The chronology of the matters involved in the case before us is important. On January 20, 1958, an indictment charging Arthur Lee Burris with the crime of robbery with aggravation was returned by the grand jury of Polk County. A question as to Burris’ sanity having been raised, *673 he was tried on that issue and the jury found him insane at the time of the trial. He was accordingly committed to the department for criminally insane of the’ Men’s Reformatory at Anamosa, on February 10, 1958. He was first examined there by Dr. Joseph Stomel (referred to also in the briefs as Stamel), the director of the department for criminally insane at the reformatory. On January 27, 1960, upon a further examination Burris was found to be sane, and in accordance with section 783.4 of the Code of 1958 notice was given to the Polk County authorities. The material part of section 783.4 is quoted: “If the accused is committed to the department for the criminal insane, as soon as he becomes mentally restored, the person in charge shall at once give notice to the sheriff and eounty attorney of the proper county of such fact, and the sheriff, without delay, must receive and hold him in custody until he is brought to trial or judgment, as the case may be, or is legally discharged # * # »

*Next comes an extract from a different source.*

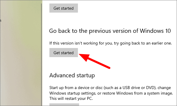 Click on ‘Get started’ under ‘Go back to the previous version of Windows 10’ so you can roll back to the last version.
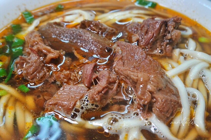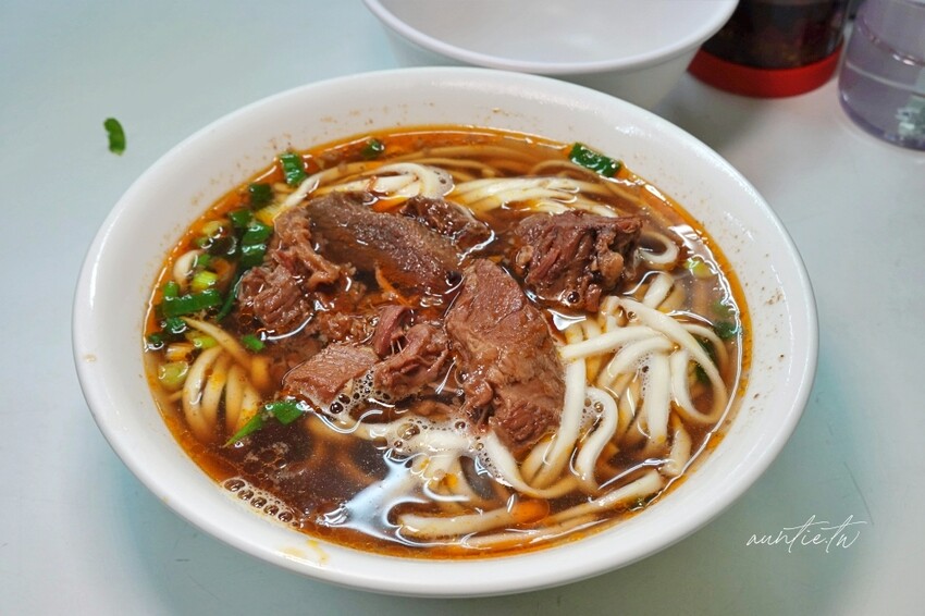 其實品項不多,牛肉麵分成紅燒與清燉口味,再來就是豬腳麵,小菜泡菜賣光沒得吃,不然就是單點豬腳,想說還要再去旁邊吃三味麵食的餛飩跟排骨,就點了一碗紅燒牛肉麵試試口味,點紅燒湯頭還可以選擇油少一點、清淡一點喔,聽到不少阿姨點餐時都會講油少、麵軟,連麵的口感都可以客製。

Burris was thereupon returned to Polk County and appeared before the court on February 3, 1960, when counsel was appointed for him. Pleas of not guilty and not guilty by reason of insanity at the time of the commission of the offense were interposed, trial was had and on May 19, 1960, the jury returned its verdict finding Burris guilty as charged. On June 14, 1960, the respondent, the presiding judge at the trial, denied Burris’ motion for new trial, but on the same date, and on his own motion, he entered an order that no judgment be rendered on the verdict, that the verdict be set aside and the indictment dismissed. From this order the petitioner State of Iowa brings certiorari.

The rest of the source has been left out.